*** Given information ***
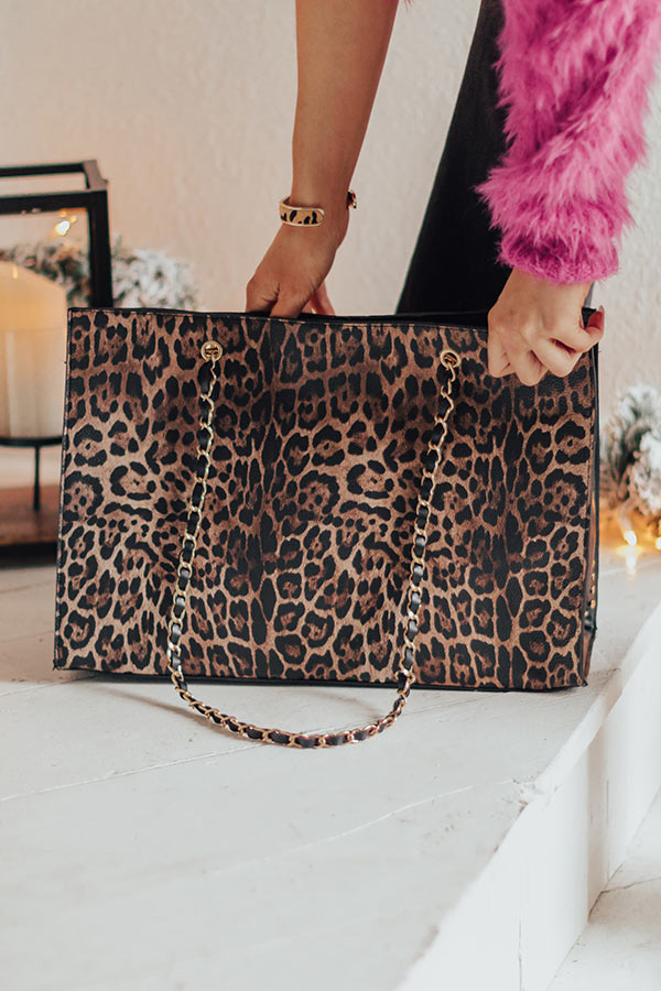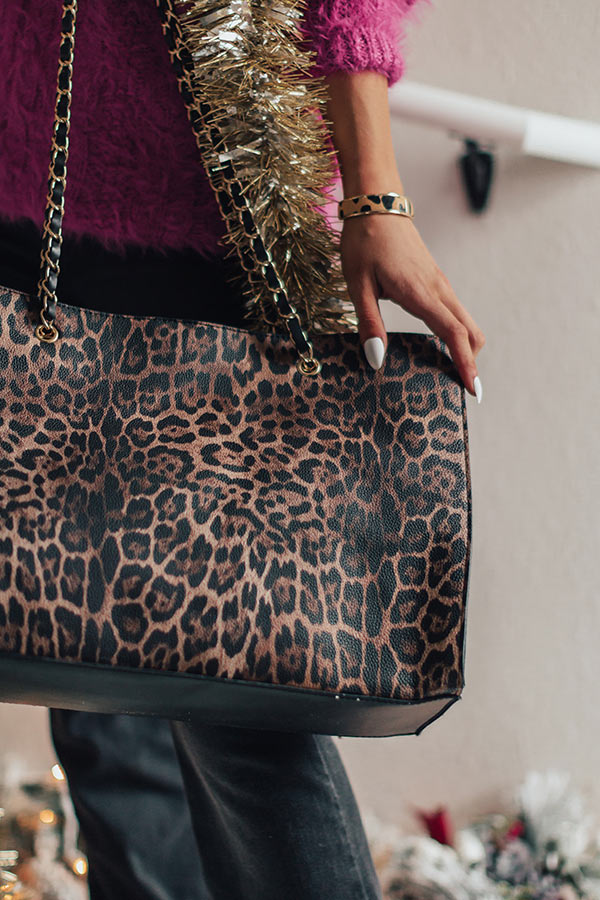 You will undoubtedly have a "luxe experience" when you accessorize with this stunning tote featuring faux suede material patterned with a bold brown and black leopard print, two chain link ribbon tote handles, gold stud accents, and a large spacious pouch with a button snap closure and additional inside pockets!
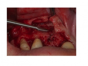 - Gewinnung von autologem Knochen (Linea obliqua, Kinn, Chips),
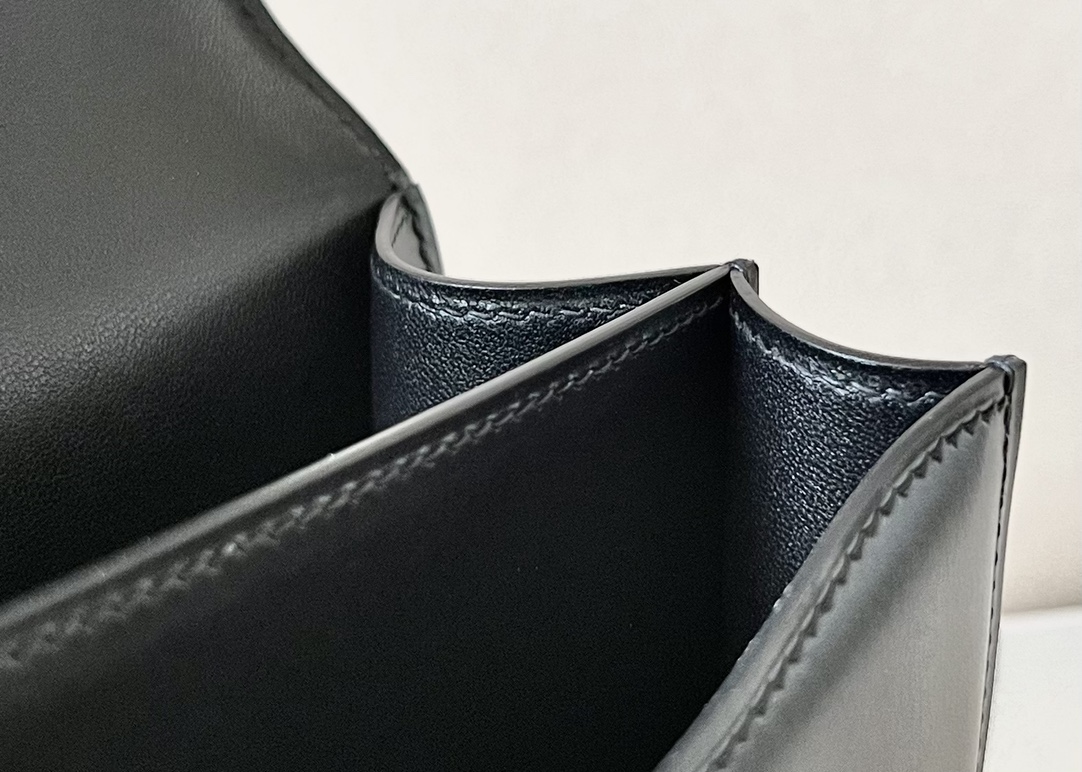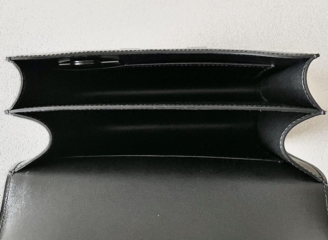 Lining in leather, two compartments, one patch pocket.
*** End of Given information ***
Restate the whole of the material word for word without the pictures.

 You will undoubtedly have a "luxe experience" when you accessorize with this stunning tote featuring faux suede material patterned with a bold brown and black leopard print, two chain link ribbon tote handles, gold stud accents, and a large spacious pouch with a button snap closure and additional inside pockets!
 - Gewinnung von autologem Knochen (Linea obliqua, Kinn, Chips),
 Lining in leather, two compartments, one patch pocket.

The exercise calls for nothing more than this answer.